Imagine a situation where someone phones an elderly relative and it appears to be a favourite grandchild on the call, begging for money to help out in an emergency. It sounds exactly like the child and the problem really sounds urgent; what should they do? The FBI suggests they might want to say something like "What does the donkey say to the aardvark?"
Despite rapid advances, the accuracy of generative AI in making images and videos is still far off the mark at times, but voice reproduction is already remarkably good. With the use of vocal cloning on the rise, to carry out scams and fraudulent claims, the US Federal Bureau of Investigation has issued a list of tips (via Ars Technica) to help protect yourself, including the advice that you should create a secret word or phrase that only you and your family know.
Vocal cloning is a process where various audio clips of a person speaking are used to train a generative AI model so that it can then be used to replicate that person's normal speech patterns, tone, timbre, and so on. For example, it was used to create Google's 'podcast hosts' for its NotebookLM system and one would be hard-pressed to identify that it's not real people speaking when you listen to it.
One doesn't need to be an expert in AI to see how such a thing can be misused for nefarious purposes. And even though one would need genuine clips of your voice and speech mannerisms to clone you, it does mean there is a chance that someone out there could attempt to use 'you' in order to carry off a scam of some kind.
This is where proof of humanity comes in—essentially it's a password or phrase between you and your family, or more accurately, an MFA (multi-factor authentication) system where your voice is one factor and the password is another. A generative AI system is most likely going to be stumped by the bizarre and non-sensical because it wouldn't fall in line with the usual lines of predictability when it comes to talking.
Asking "What does the donkey say to the aardvark?" might seem like the opening line to a joke but if you're expecting "Wednesday afternoon, in Nepal" as a reply, few generative systems are going to offer that reply. So when you don't get that response, you can be immediately suspicious as to the genuineness of the call.
It's not a foolproof system to catch an AI scam, as it does require all parties involved to remember the password, and the correct response, and be able to do it at a moment's notice. If my mother suddenly asked me about donkeys and aardvarks out of the blue, I think my first response would be 'Err…what?' and then the phone would get slammed down, every time.
And then there are the situations where it's not a family member on the phone, but the boss or your manager of the company you work for. Is one expected to have a unique password for everyone there, to ensure the business never falls for a scam?

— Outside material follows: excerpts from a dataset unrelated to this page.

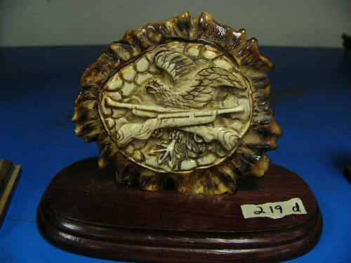 CHOICE on 4 elk antler butt carvings: eagle and 2 rifles ()
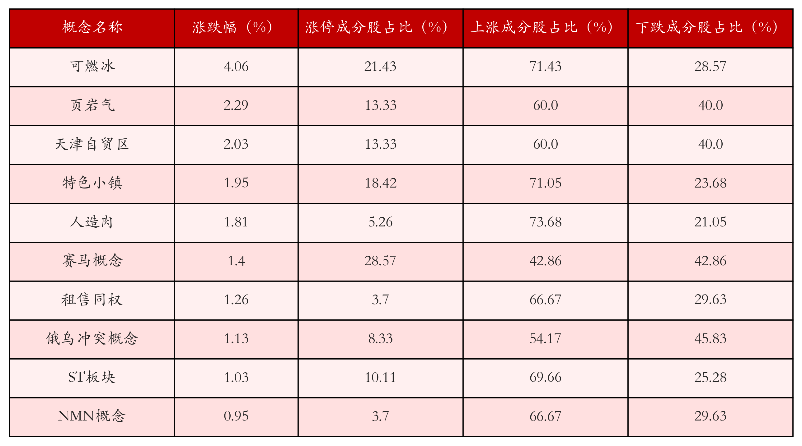 根据A股概念涨跌幅与所对应的股票池综合分析,涨幅靠前的三个概念板块分别为:可燃冰、页岩气与天津自贸区。排名前10位的概念板块相关数据见下表:
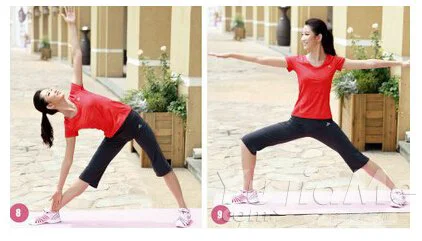 站立,雙腳分開與肩同寬,雙手側平舉,然後彎腰,眼看上方指尖。反側同樣。膝蓋伸直的同時保證重心上提。
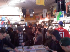 As many of you were probably aware, yesterday was the fourth annual Record Store Day. Hopefully you made it out to your local record shop and snatched up all the releases you wanted. That picture above shows the mob-scene that took place in Repo Records early on at about 10am. People were lined up out the door and around the corner and shortly after even some tempers began to flare, which is easily imaginable considering the madness (or because the releases people wanted weren’t available). Another big part of Record Store Day means live music and free shows, which is the other reason I’m here today. Later that day Phildephia’s own PURLING HISS melted faces for a mediocre-sized crowd at AKA Music, which immediately made me regret ever missing any past Purling Hiss shows. Hopefully after viewing the entire thirty minute performance below, you will be thinking the same exact thing.
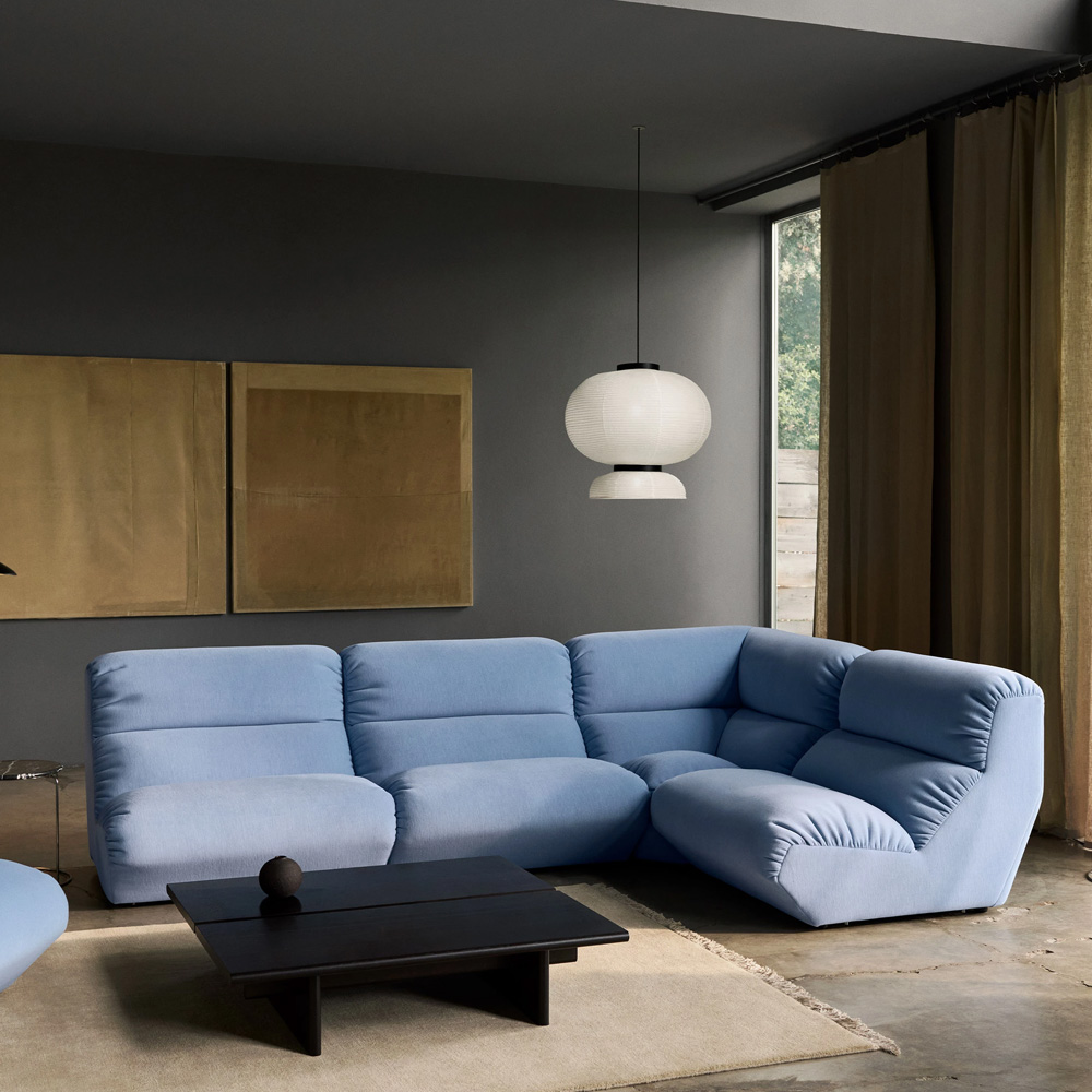 Anderssen & Voll 為 &Tradition 帶來 Hi Lo 一款以擁抱般的姿態迎接身體的沙發。它挑戰傳統休憩座椅的比例,以兩件式模組結構塑造充沛的舒適度與富有動態張力的輪廓。厚實而貼合身形的包覆式坐墊,是這件作品的靈魂;座面低伏、背部高聳,從側面勾勒出近似 C 形的弧度,引導身體自然沉入柔軟的倚靠中,形成一種近乎放任式的放鬆狀態。
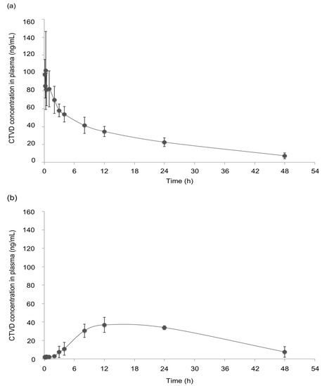 The CTVD concentration–time profiles in the plasma of swine after IV and oral administration (PO). CTVD (0.1 mg/kg·BW) was administered intravenously (a) and orally (b). Control plasma was obtained on the day before administration. Values are presented as the mean ± standard deviation (SD). n = 4 in both groups.
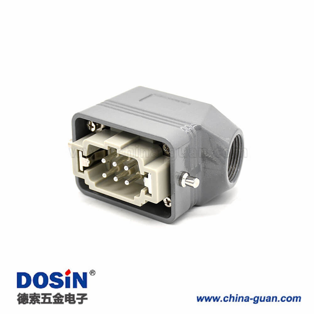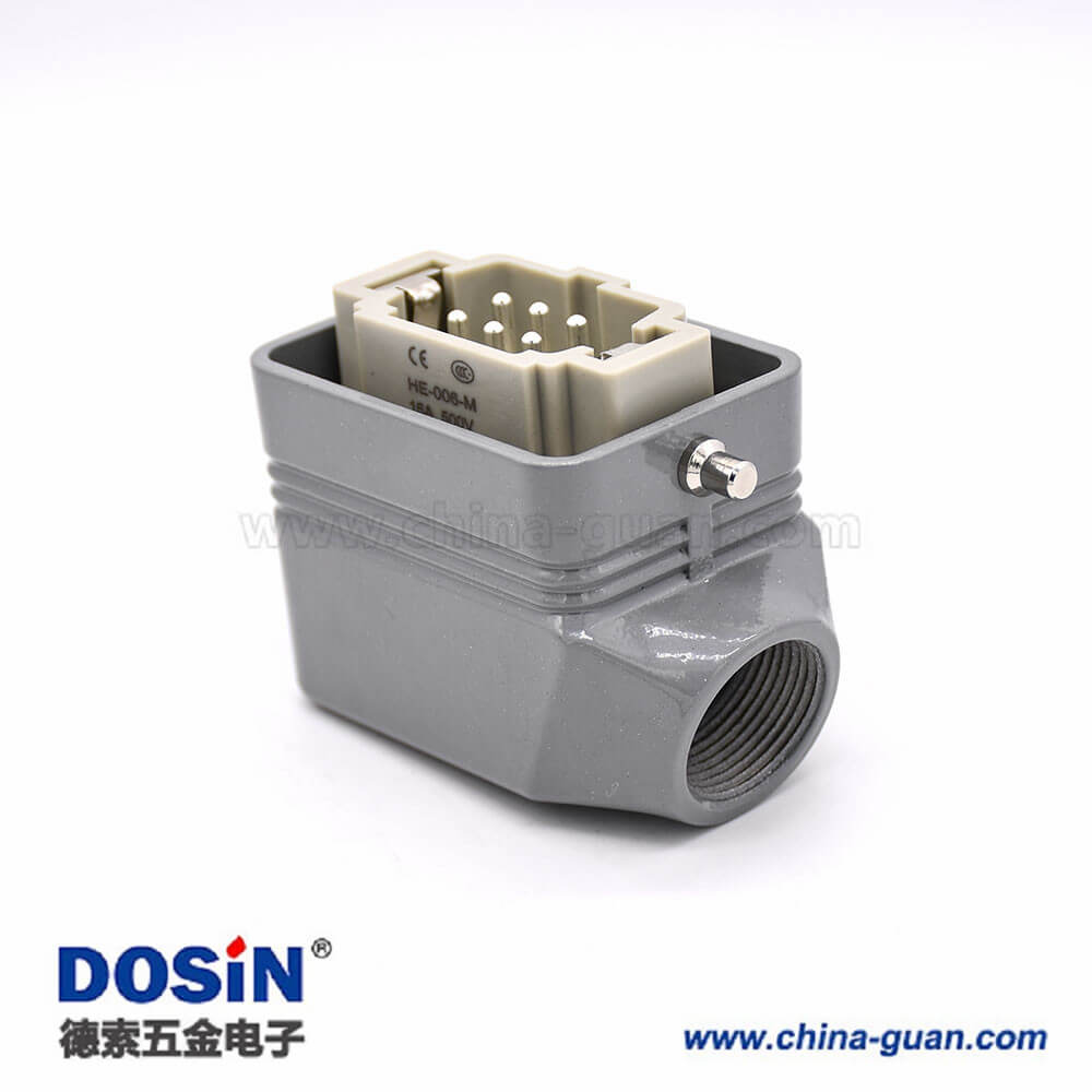 重載矩形連接器H6B表面安裝6芯鍍銀公母對(duì)接螺紋M32斜出口帶金屬防塵蓋
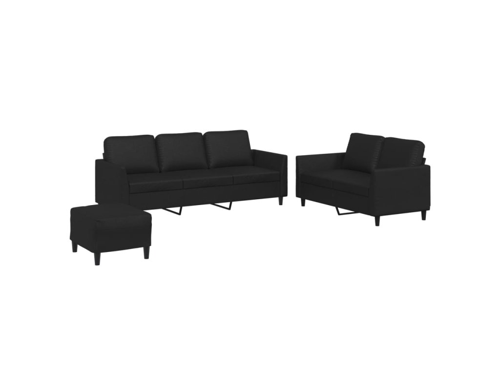 3dílná sedací souprava s poduškami černá umělá kůže 3201765
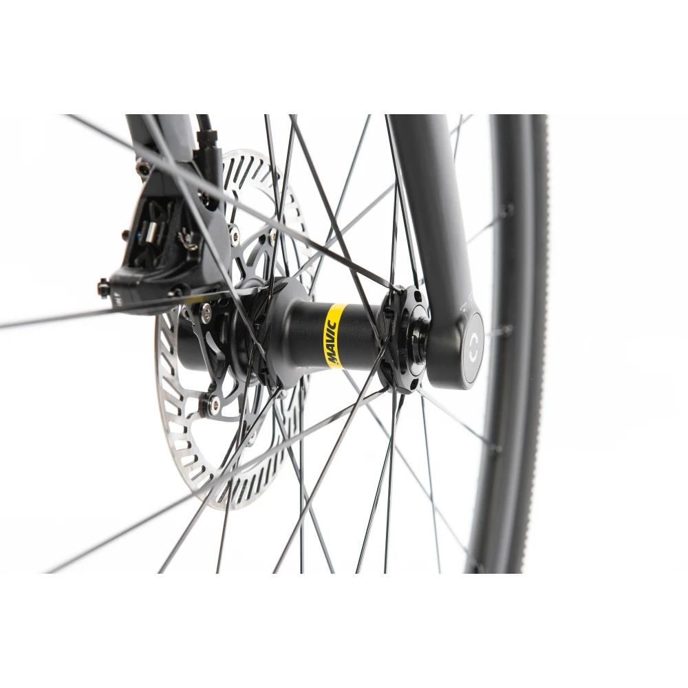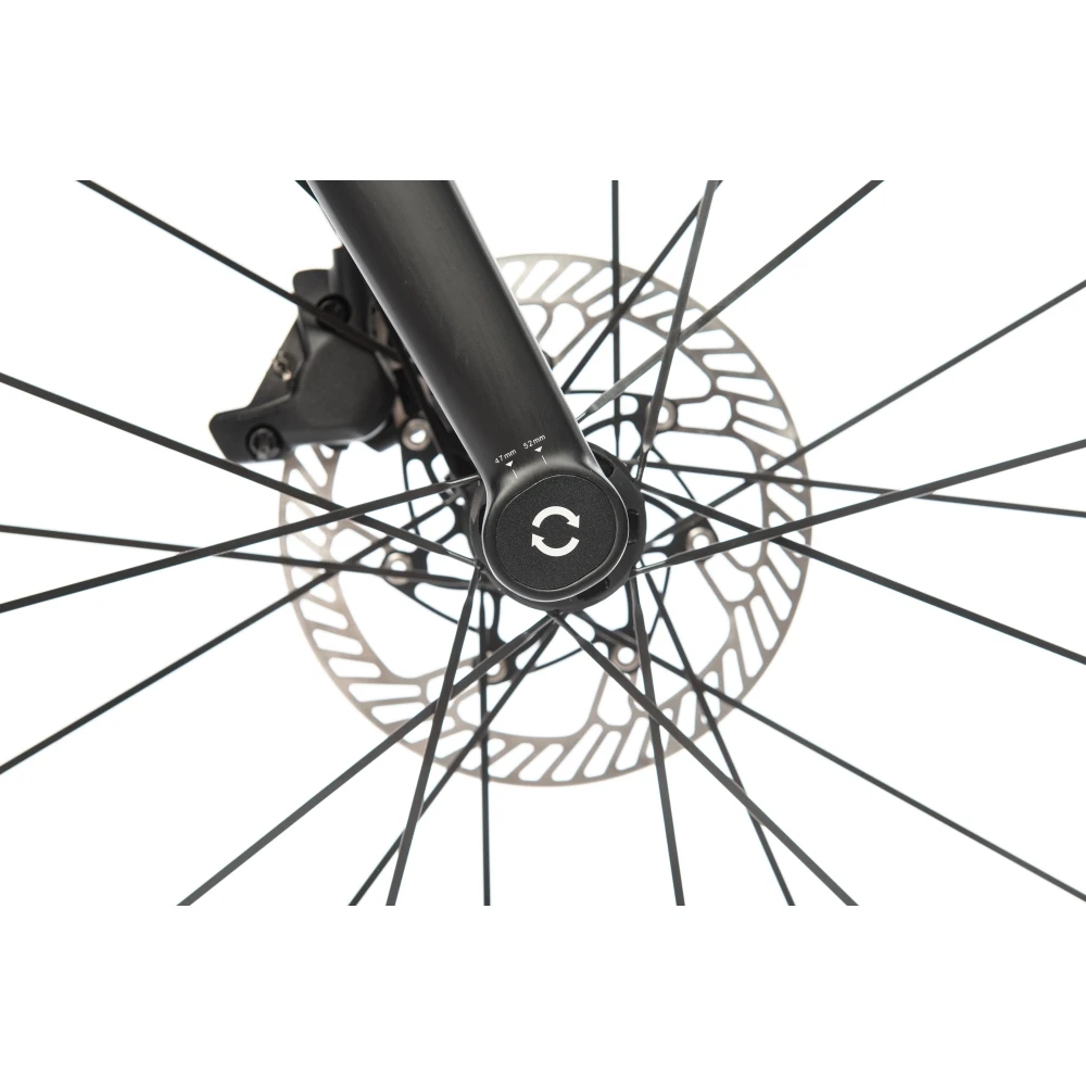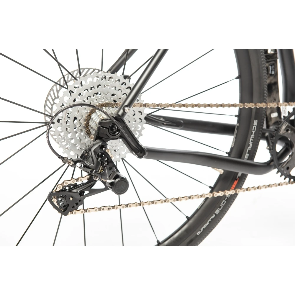 Bovendien is het frame geschikt voor een speciaal ontworpen bagagedrager. Een speciaal ontworpen carbon zadelpen met bladveerontwerp in het balhoofdgedeelte zorgt ook voor een uitstekende flexibiliteit. Bovendien is de achtervork aan de rechterkant naar beneden getrokken om meer ruimte te bieden voor de ketting, speciaal voor de moderne 1x-aandrijvingen. Met geoptimaliseerde buisvormen, een spoornauwkeurige vork en de Campagnolo EKAR schakelgroep vertegenwoordigt dit wiel in alle opzichten een nieuwe maatstaf onder de Gravel bikes.

AI voice cloning is arguably a natural extension of the usual email scam, where a higher-up appears to be asking you to send them money or sensitive information—if that person is publicly well-known and clips of them talking can be sourced, such scams would be relatively easy to carry out.
I don't think there's any perfect solution to counter any AI voice scam, unfortunately. Even if the top companies in artificial intelligence, such as OpenAI, Google, and Microsoft integrate systems that always make it obvious that it's an AI 'talking' and not a real person, there will always be people out there who are able to create a similar model that doesn't.
Hopefully, smarter folks than me are working on solving this thorny problem.